印刷物を作る過程で、ムダになってしまった用紙を「ヤレ」もしくは「ヤレ紙」とよぶ。
ヤレは、印刷の際に見当合わせや色調整で使用した用紙を指すことが多い。ヤレは印刷はされていても製品にはならない(見当が入っていなかったり、色がうまく出ていないため)。このヤレ紙は、必ず発生するものなので、印刷会社では実際の印刷に必要な用紙よりも多く紙を仕入れる。これを予備紙という。

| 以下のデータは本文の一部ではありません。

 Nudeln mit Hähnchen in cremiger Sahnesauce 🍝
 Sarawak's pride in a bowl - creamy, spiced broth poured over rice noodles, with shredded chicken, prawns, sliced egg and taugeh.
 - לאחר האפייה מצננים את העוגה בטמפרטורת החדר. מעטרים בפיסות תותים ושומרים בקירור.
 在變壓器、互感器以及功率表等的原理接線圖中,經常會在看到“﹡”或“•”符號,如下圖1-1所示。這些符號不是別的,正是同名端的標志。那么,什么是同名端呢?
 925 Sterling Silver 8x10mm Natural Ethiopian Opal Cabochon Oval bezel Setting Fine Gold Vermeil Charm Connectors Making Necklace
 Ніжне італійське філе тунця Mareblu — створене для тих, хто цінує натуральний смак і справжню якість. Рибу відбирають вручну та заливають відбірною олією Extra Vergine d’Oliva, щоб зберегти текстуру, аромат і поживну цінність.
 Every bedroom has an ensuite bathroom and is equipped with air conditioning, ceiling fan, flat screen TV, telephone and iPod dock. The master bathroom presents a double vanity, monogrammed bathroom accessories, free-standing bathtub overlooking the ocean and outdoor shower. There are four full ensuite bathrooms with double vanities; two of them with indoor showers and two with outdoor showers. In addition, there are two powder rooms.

印刷工程に入る前に発生するヤレもある。例えば、用紙販売会社から紙が入荷した段階で、まれにワンプ(用紙を包んでいる包みのこと)ごと折れ曲がっていたり、用紙の水分量がバランスを欠いて「おちょこ(おちょこのように四辺がそっくりかえっている)」になっているものがある。こういった用紙は印刷機を通らないので、ワンプを開封する前に返品をする。ちなみに、ワンプを開封したあとは、よほどのことがない限り返品することができない。ただし、開封しないと判明しなかったような用紙は返品が可能。
ヤレは廃棄するのが基本だが、印刷会社によっては「ヤレ通し」という作業のために保管をする場合がある。通常、印刷工程での見当、色調整は予備紙を使って行うが、予備紙が少ない場合、裏白のヤレ紙を使って見当、色の調整を行う。ただし、ヤレは印刷機を一度通っているのでスプレーパウダーがついており、ヤレ通しはヒッキーの原因になる。

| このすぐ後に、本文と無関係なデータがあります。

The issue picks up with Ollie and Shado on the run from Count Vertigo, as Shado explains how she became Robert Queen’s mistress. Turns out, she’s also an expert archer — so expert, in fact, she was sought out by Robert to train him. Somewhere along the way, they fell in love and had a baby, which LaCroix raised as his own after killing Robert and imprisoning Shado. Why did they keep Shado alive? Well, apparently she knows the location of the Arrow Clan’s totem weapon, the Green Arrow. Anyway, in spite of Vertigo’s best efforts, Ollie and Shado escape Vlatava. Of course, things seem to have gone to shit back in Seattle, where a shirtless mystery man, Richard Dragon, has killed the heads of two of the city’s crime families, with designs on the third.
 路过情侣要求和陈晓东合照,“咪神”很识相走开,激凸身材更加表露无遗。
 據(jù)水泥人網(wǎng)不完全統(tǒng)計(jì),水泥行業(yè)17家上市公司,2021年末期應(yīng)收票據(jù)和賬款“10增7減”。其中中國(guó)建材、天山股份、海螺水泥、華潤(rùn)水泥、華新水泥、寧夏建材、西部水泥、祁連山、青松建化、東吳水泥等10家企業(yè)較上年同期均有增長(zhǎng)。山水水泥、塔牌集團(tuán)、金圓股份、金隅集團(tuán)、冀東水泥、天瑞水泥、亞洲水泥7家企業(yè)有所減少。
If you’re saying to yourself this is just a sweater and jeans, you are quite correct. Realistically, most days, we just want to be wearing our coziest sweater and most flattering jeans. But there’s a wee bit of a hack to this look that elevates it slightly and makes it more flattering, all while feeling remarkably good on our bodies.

また裏白紙ではなく両面に印刷されたヤレで調整を行うと、ヒッキーの原因になるのはもちろん、白紙部分と印刷面でのインキ転移不良がおこり、インキつぼの調整がうまくいかない。ヤレ通しは「ヤレ混入(製品にヤレ紙が混じってしまうこと)」の原因にもなるので、できるかぎり行わない方がよい。
製本など、印刷の後工程でもヤレは発生する。折りの工程では折り位置の調整を行う際にヤレが発生するし、本文を表紙でくるんで綴じる際にも調整のためにヤレが発生する。そのような理由で、印刷時には実際の部数よりも多く印刷を行い、製本予備として製本部門に送る必要がある。